Fort Riley, Kansas



SAFETY CORNER - Staying safe at work during cold weather

By Dawn J. Douglas | GARRISON SAFETY OFFICE | January 29, 2018

     Winter is upon us, but that doesn’t stop the work, especially for those who work outdoors and have to brave extreme cold temperatures. Although the work must be done, limiting personnel exposure to cold can go a long way toward preventing cold stress injuries and illnesses such as frostbite, hypothermia, trench foot and chilblains.

      There are three major factors to keep in mind when working outdoors: air temperature, wind and moisture. Environmental cold can affect any worker exposed to cold air temperatures and puts workers at risk of cold stress. As wind speed increases, it causes the cold air temperature to feel even colder, increasing the risk of cold stress to exposed workers such as recreational workers, snow cleanup crews, construction workers, police officers and firefighters. Other workers who may be affected by exposure to environmental cold conditions include those in transit, baggage handlers, water transportation, landscaping services and support activities for oil and gas operations.

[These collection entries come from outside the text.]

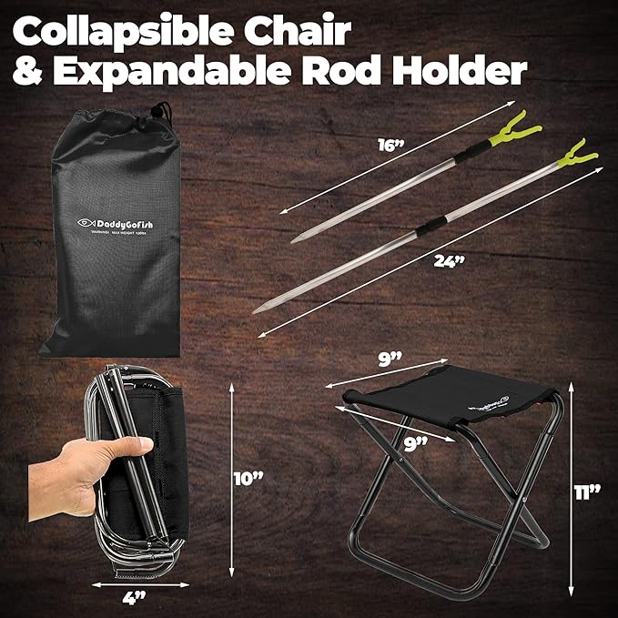 - COLLAPSIBLE CHAIR AND ROD HOLDER - Kids have a place to rest wherever they go. The rod holder keeps the fishing pole off the ground and minimizes the chance of accidental damage.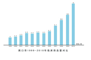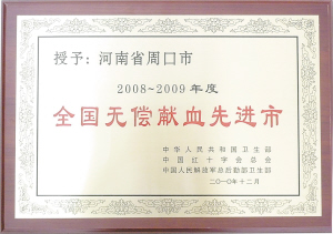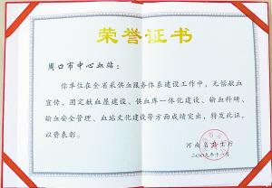 编者按:1998年10月,《中华人民共和国献血法》颁布实施,我国实行无偿献血制度,标志着我国血液管理走上法制化管理轨道。13年来,周口市已连续五届(12年)荣获“全国无偿献血先进城市”奖;原国务委员彭珮云、原卫生部长高强先后到周口市中心血站视察,对周口市的无偿献血及血液管理工作给予了高度评价;国际安全血液基金会主席杰夫瑞·布斯什曾率国际代表团来周口市中心血站考察交流。周口市的无偿献血工作得到了健康快速可持续发展,建立并完善了血液监督管理和采供血服务体系,周口市中心血站获得了“全国卫生系统先进集体”、“河南省卫生系统青年文明号”、“省级文明单位”、“河南省档案管理先进单位”、“周口市五一劳动奖状”、“周口市职业道德建设十佳单位”等荣誉。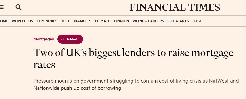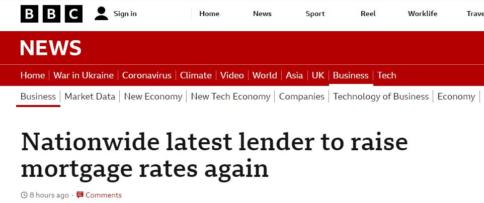 报道称,在本周五,Nationwide将把抵押贷款利率最高上调0.7个百分点,该机构也成为最新一家再次上调抵押贷款利率的银行。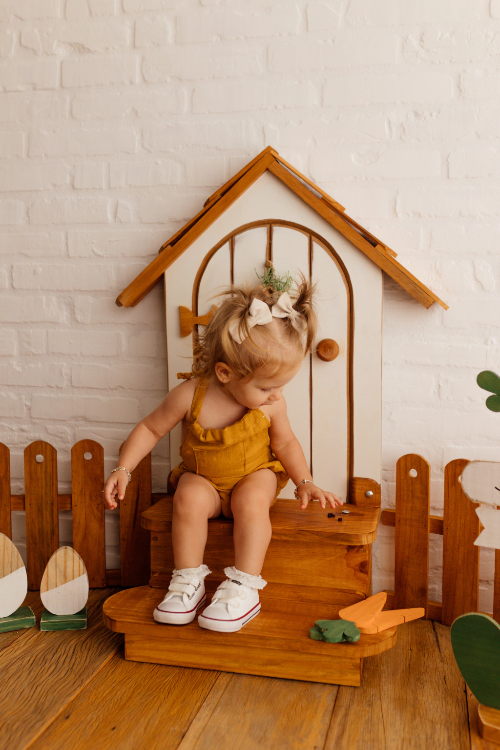 Ele conta com 15 itens no total, e todos em madeira. São eles: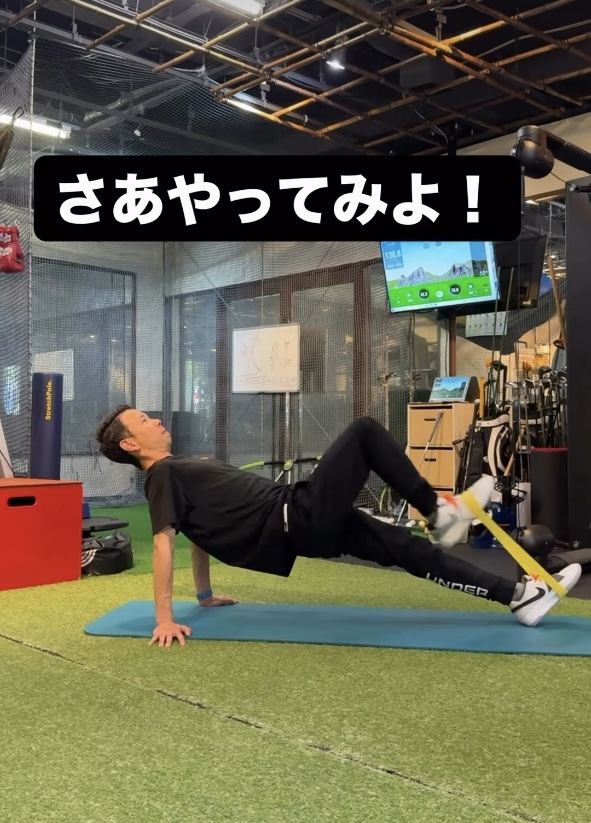 チューブの抵抗に逆らって脚を持ち上げることで、大臀筋・中臀筋など“お尻の筋肉”がしっかり目覚めます。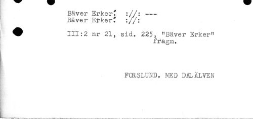 //// Bäver Erker. :/y: ---- //// Bäver E#kert : /y: //// ^ 111:2 nr 21, sid. 225, "Bäver Erker" //// fragm. //// t //// FCRSLUND. NED DALÄLVEN //// . //// * ////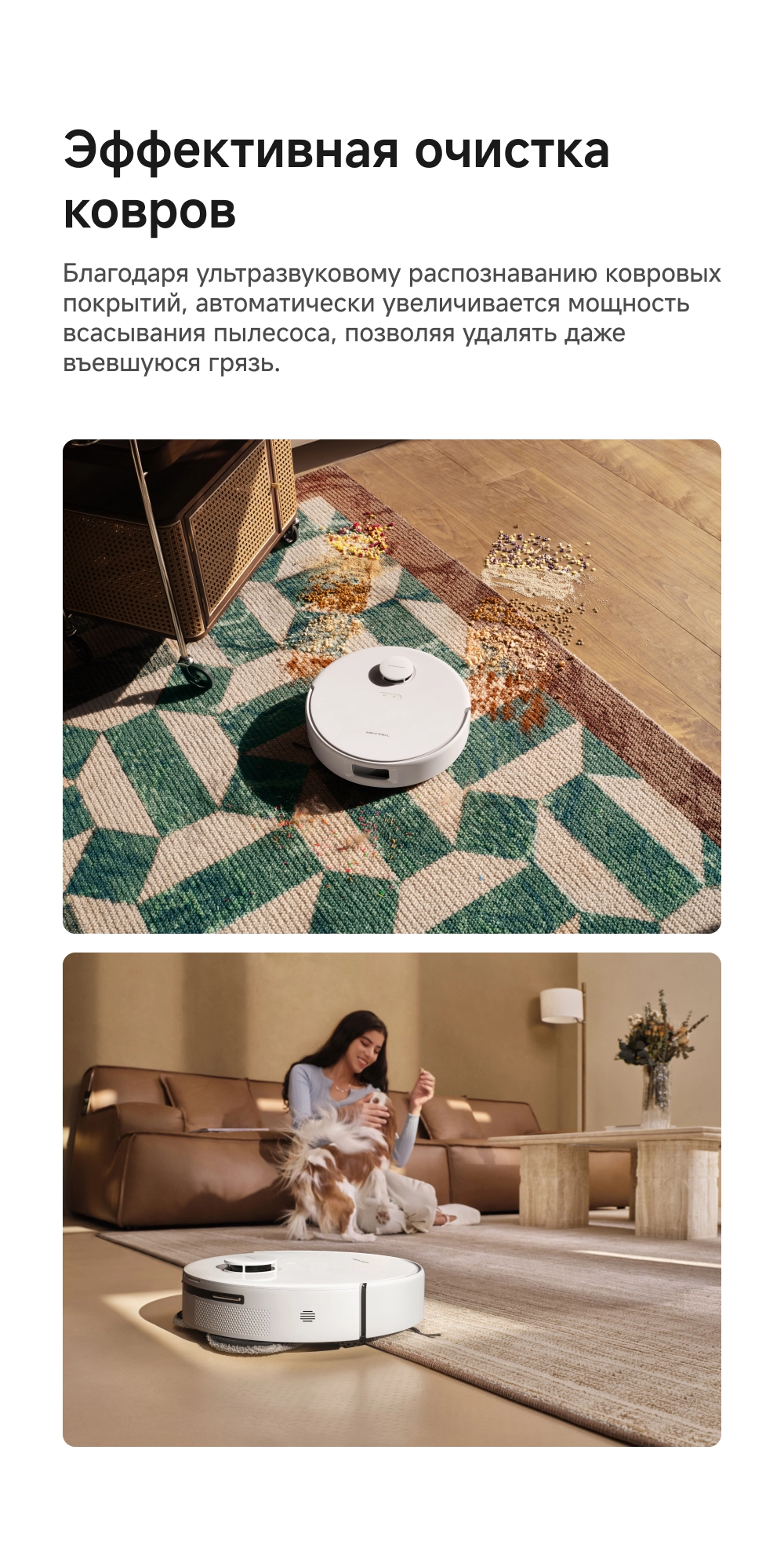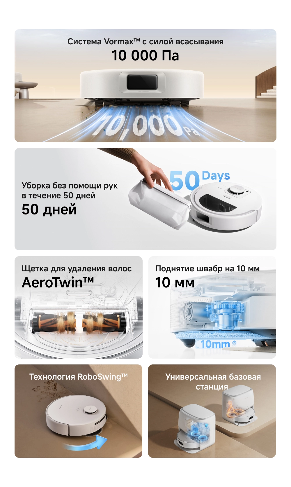 - Описание: робот-пылесос с автоматической очисткой швабр. Интеллектуальная стратегия уборки. Повышенная эффективность очистки и устранение проблемы наматывания волос

                Wetness/dampness, dressing improperly and exhaustion

                Predisposing health conditions such as hypertension, hypothyroidism and diabetes

                Poor physical conditioning



      What constitutes cold stress and its effects can vary across different areas of the country. In regions that are not used to winter weather, near freezing temperatures are considered factors for cold stress. Increased wind speed also causes heat to leave the body more rapidly. Wetness or dampness, even from body sweat, also facilitates heat loss from the body. Cold stress occurs by driving down the skin temperature and eventually the internal body temperature. When the body is unable to warm itself, serious cold-related illnesses and injuries may occur and permanent tissue damage and death could result. Types of cold stress include: trench foot, frostbite and hypothermia.

      Team Riley, did you know under the Occupational Safety and Health Act of 1970, employers are required to protect workers from recognized hazards, including cold stress hazards, that can cause death or serious physical harm in the work place?


                Employers should train coworkers on how to recognize the environmental and workplace conditions that can lead to cold stress.

                The symptoms of cold stress, how to prevent cold stress and what to do to help those who are affected.

                How to select proper clothing for cold, wet and windy conditions.



                Monitor workers physical condition.

                Schedule frequent short breaks in warm dry areas, to allow the body to warm up.

                Schedule work during the warmest part of the day.

                Use the buddy system — work in pairs.

                Provide warm, sweet beverages. Avoid drinks with alcohol.

                Provide engineering controls such as a radiant heater.



      Trench foot is a non-freezing injury of the feet caused by prolonged exposure to wet and cold conditions. It can occur in temperatures as high as 60 F if feet are constantly wet. Injury occurs because wet feet lose heat 25 times faster than dry feet.

      Frostbite is caused by the freezing of the skin and tissues. Frostbite can cause permanent damage to the body and, in severe cases, can lead to amputation. The risk of frostbite is increased in people with reduced blood circulation and among people who are not dressed properly for extremely cold temperatures.

      Hypothermia occurs when the normal body temperature drops to less than 95 F. Exposure to cold temperatures causes the body to lose heat faster than it can be produced. Prolonged exposure to cold will eventually use up the body’s stored energy. Hypothermia is most likely at very cold temperatures, but it can occur even at cool temperatures — above 40 F — if a person becomes chilled from rain, sweat or immersion in cold water.

      The National Weather Service provides a Wind Chill Calculation that allows users to input the air temperature and wind speed and it will calculate the wind chill temperature. The site is also a resource for preparing for extreme cold weather.

      Even if you don’t think you will be outdoors for very long, always dress for the outdoors. Adding layers of clothes will keep you warm as the temperature drops and you can remove layers when you go into warmer environmental conditions. When the weather is cold you need at least two to three layers of clothes, a warm hat, gloves, an outer layer such as a jacket, layers to protect your legs and waterproof boots to prevent wet feet.

      One final reason to bundle up in the cold weather is a study that shows when there is less absolute humidity in the air, it is easier for the flu virus to survive and spread. This means it’s more likely you can catch the flu virus and get sick.

     With this in mind, it is extra important to wash your hands after you cough or sneeze around this time of year to avoid spreading the flu. Taking precautions in the cold weather to prevent cold stress illnesses and injuries and potentially the flu will allow you and your workers to stay productive even in the winter months.